● Task instructions: Copy every line from the one that holds "Sheer look and" to the end of the records below, exactly and with nothing else, but without any pictures.

(Stored items from a collection)
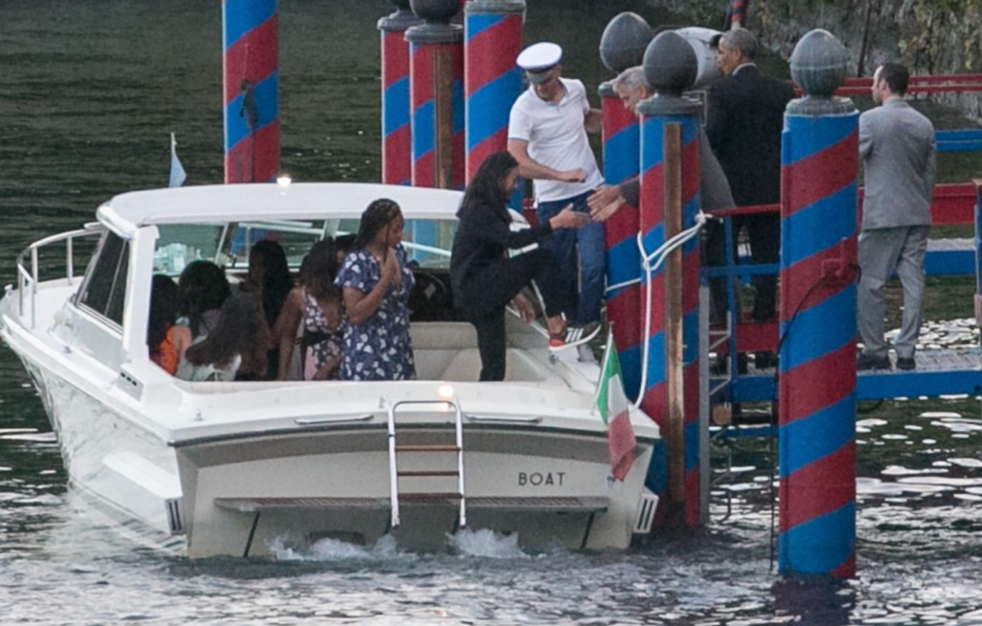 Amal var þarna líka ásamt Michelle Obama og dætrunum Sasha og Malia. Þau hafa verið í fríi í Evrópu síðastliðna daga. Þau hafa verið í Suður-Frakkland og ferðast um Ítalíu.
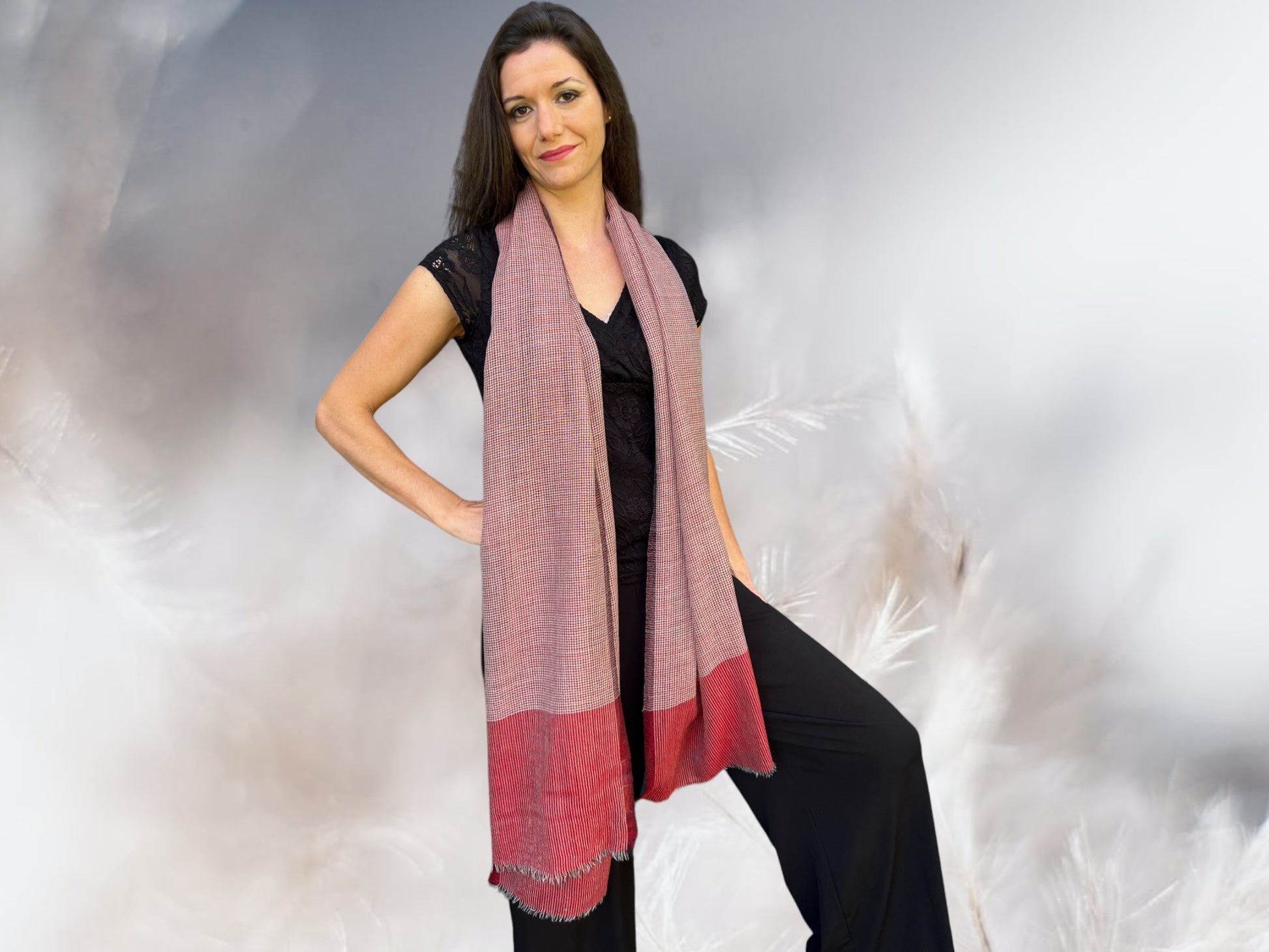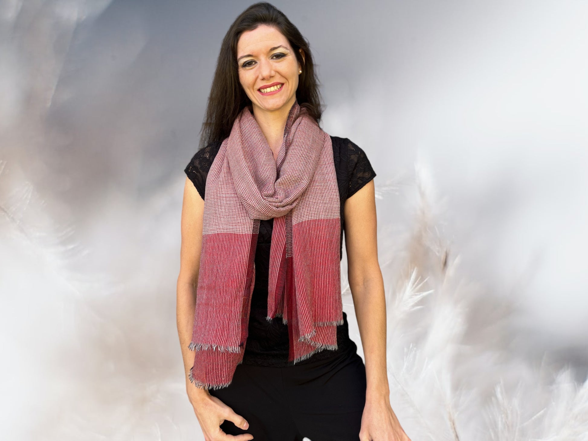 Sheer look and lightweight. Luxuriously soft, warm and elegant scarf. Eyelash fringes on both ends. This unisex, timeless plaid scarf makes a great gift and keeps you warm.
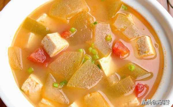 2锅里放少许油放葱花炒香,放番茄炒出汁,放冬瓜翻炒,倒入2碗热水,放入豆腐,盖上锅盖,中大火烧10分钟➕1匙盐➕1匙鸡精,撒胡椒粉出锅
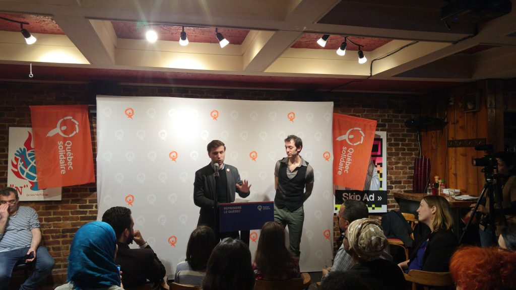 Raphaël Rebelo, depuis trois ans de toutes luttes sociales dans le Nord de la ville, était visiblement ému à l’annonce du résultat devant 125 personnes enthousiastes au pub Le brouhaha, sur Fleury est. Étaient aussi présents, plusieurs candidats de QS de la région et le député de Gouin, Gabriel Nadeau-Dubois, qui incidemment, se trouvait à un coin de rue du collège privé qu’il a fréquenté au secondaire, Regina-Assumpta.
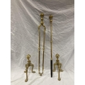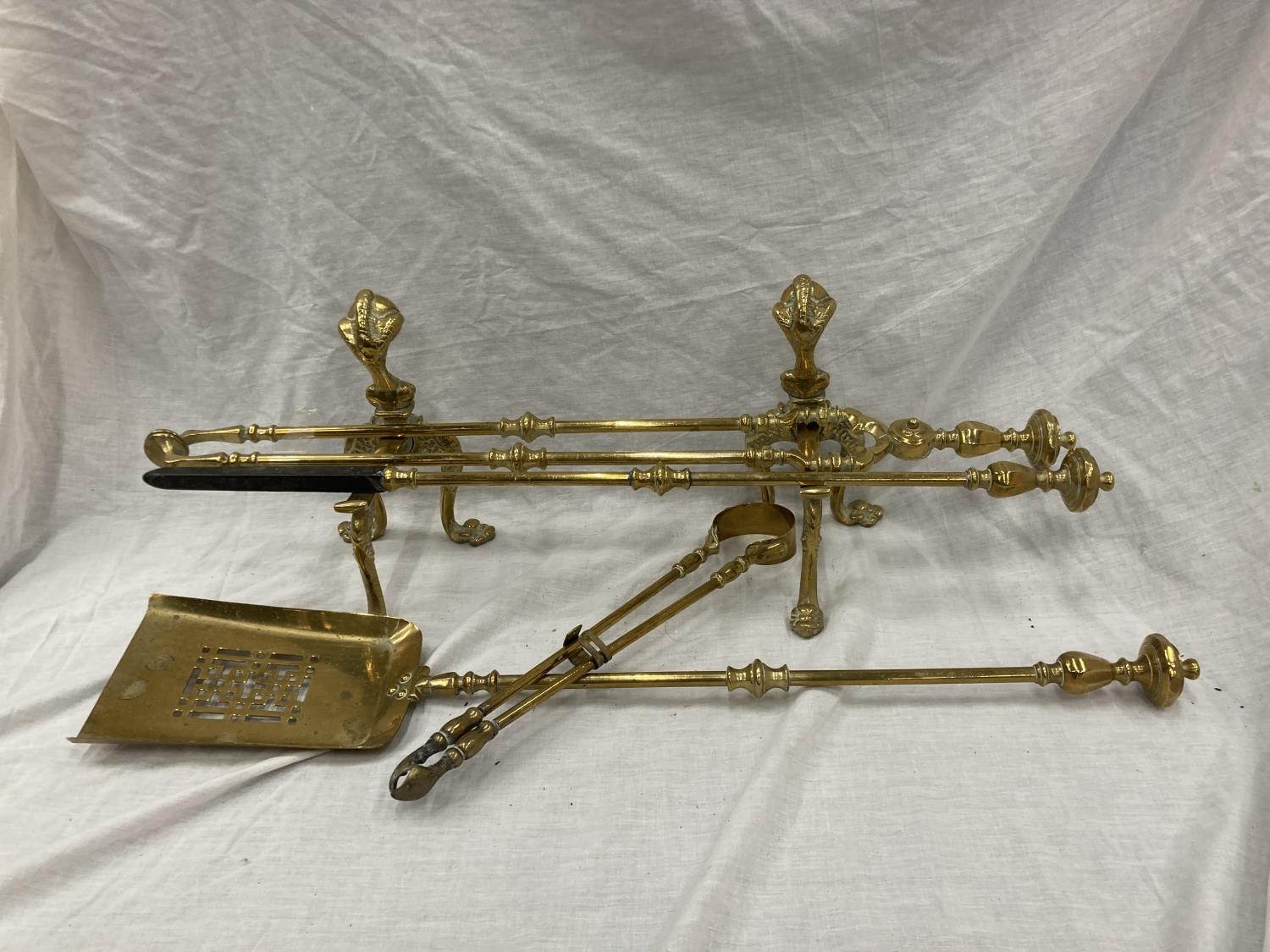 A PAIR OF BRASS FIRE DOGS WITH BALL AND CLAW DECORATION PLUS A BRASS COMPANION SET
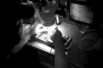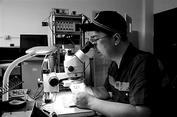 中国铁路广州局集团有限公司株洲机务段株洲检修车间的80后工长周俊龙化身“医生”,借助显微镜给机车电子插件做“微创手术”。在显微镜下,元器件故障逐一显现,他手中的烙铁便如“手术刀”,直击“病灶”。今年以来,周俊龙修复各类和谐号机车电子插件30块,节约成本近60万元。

● Answer section:
 Sheer look and lightweight. Luxuriously soft, warm and elegant scarf. Eyelash fringes on both ends. This unisex, timeless plaid scarf makes a great gift and keeps you warm.
 2锅里放少许油放葱花炒香,放番茄炒出汁,放冬瓜翻炒,倒入2碗热水,放入豆腐,盖上锅盖,中大火烧10分钟➕1匙盐➕1匙鸡精,撒胡椒粉出锅
 Raphaël Rebelo, depuis trois ans de toutes luttes sociales dans le Nord de la ville, était visiblement ému à l’annonce du résultat devant 125 personnes enthousiastes au pub Le brouhaha, sur Fleury est. Étaient aussi présents, plusieurs candidats de QS de la région et le député de Gouin, Gabriel Nadeau-Dubois, qui incidemment, se trouvait à un coin de rue du collège privé qu’il a fréquenté au secondaire, Regina-Assumpta.
 A PAIR OF BRASS FIRE DOGS WITH BALL AND CLAW DECORATION PLUS A BRASS COMPANION SET
 中国铁路广州局集团有限公司株洲机务段株洲检修车间的80后工长周俊龙化身“医生”,借助显微镜给机车电子插件做“微创手术”。在显微镜下,元器件故障逐一显现,他手中的烙铁便如“手术刀”,直击“病灶”。今年以来,周俊龙修复各类和谐号机车电子插件30块,节约成本近60万元。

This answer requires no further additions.